**THE DATA**:
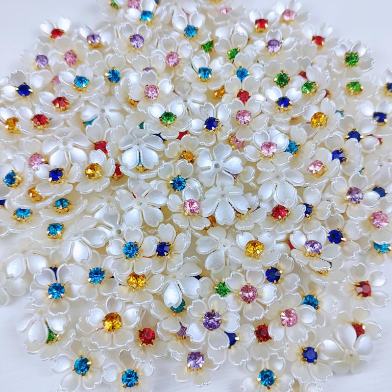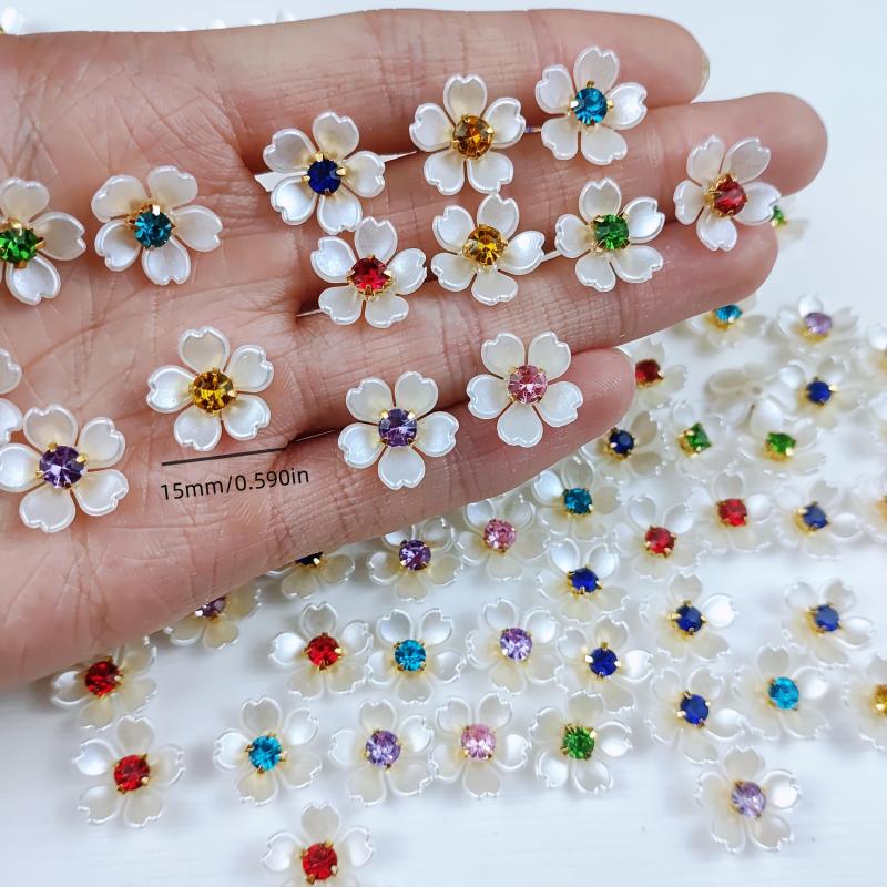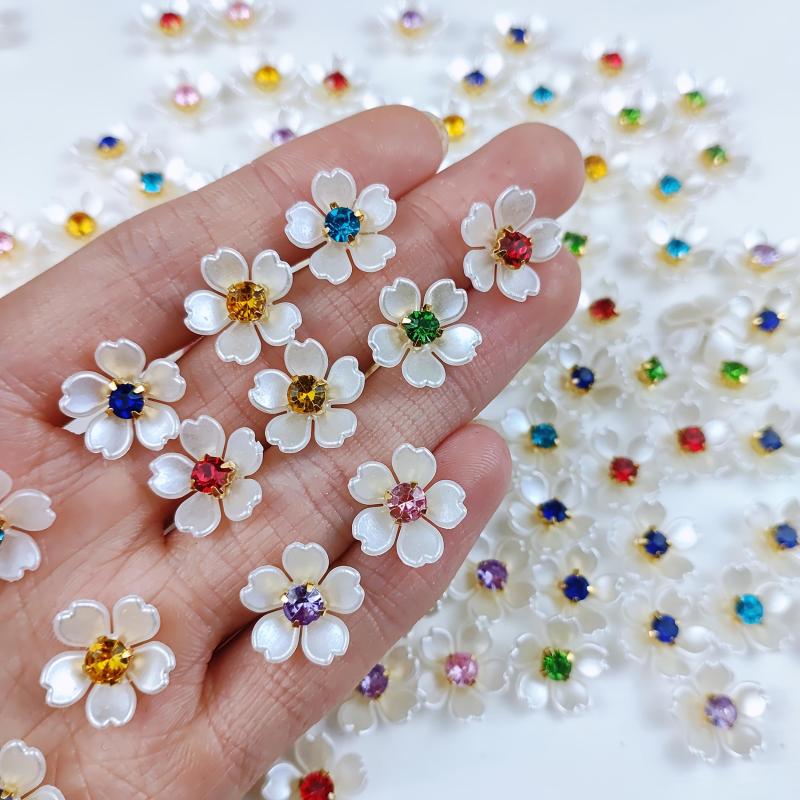 Create stunning DIY jewelry with these 5 petal flower patches featuring rhinestones. Each patch measures 15mm and comes in a mix of beautiful colors.
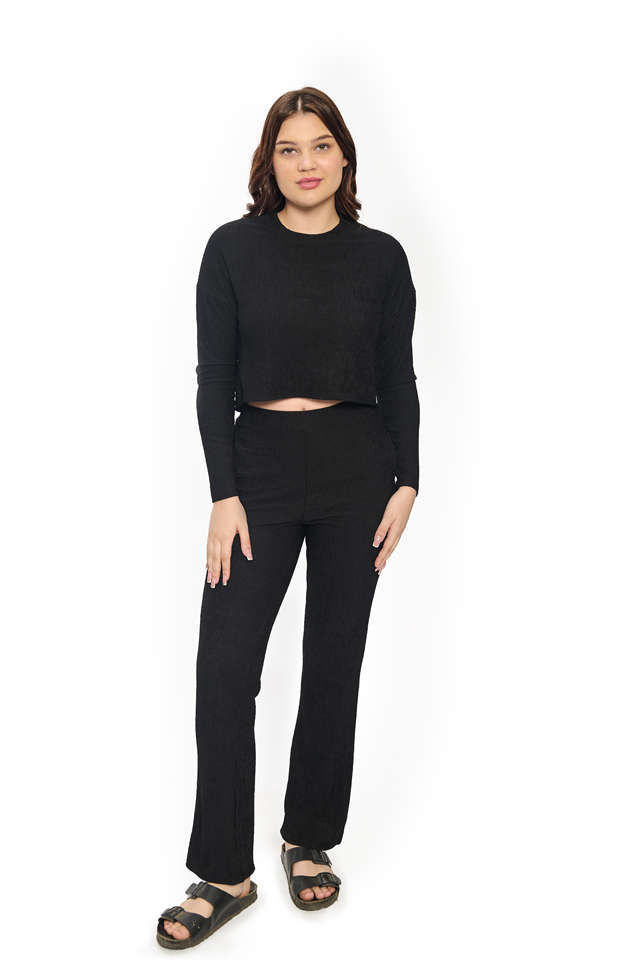 ชุดผ้าแจ็คการ์ดสุดหรูสำหรับผู้หญิงชุดเสื้อกางเกงขาบานแบบถักเครื่องแต่งกายสองชิ้นคอกลมแบบลำลองมีสไตล์
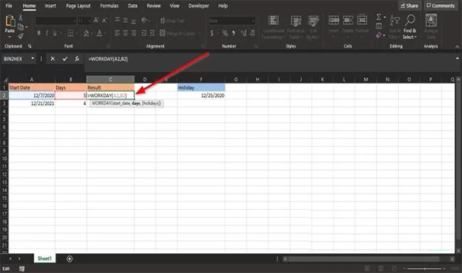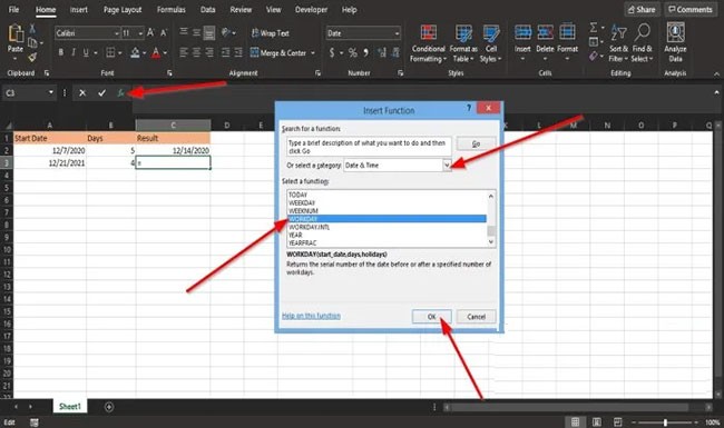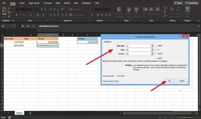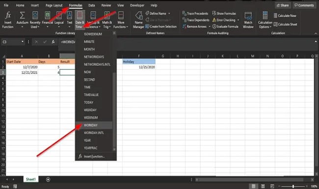 Es gibt zwei weitere Methoden, die Funktion ARBEITSTAG in Excel zu verwenden.

**EXERCISE INSTRUCTIONS**: From the first line to the last, write out the data above exactly. Omit the pictures.

**ANSWER TO THE PROBLEM**:
 Create stunning DIY jewelry with these 5 petal flower patches featuring rhinestones. Each patch measures 15mm and comes in a mix of beautiful colors.
 ชุดผ้าแจ็คการ์ดสุดหรูสำหรับผู้หญิงชุดเสื้อกางเกงขาบานแบบถักเครื่องแต่งกายสองชิ้นคอกลมแบบลำลองมีสไตล์
 Es gibt zwei weitere Methoden, die Funktion ARBEITSTAG in Excel zu verwenden.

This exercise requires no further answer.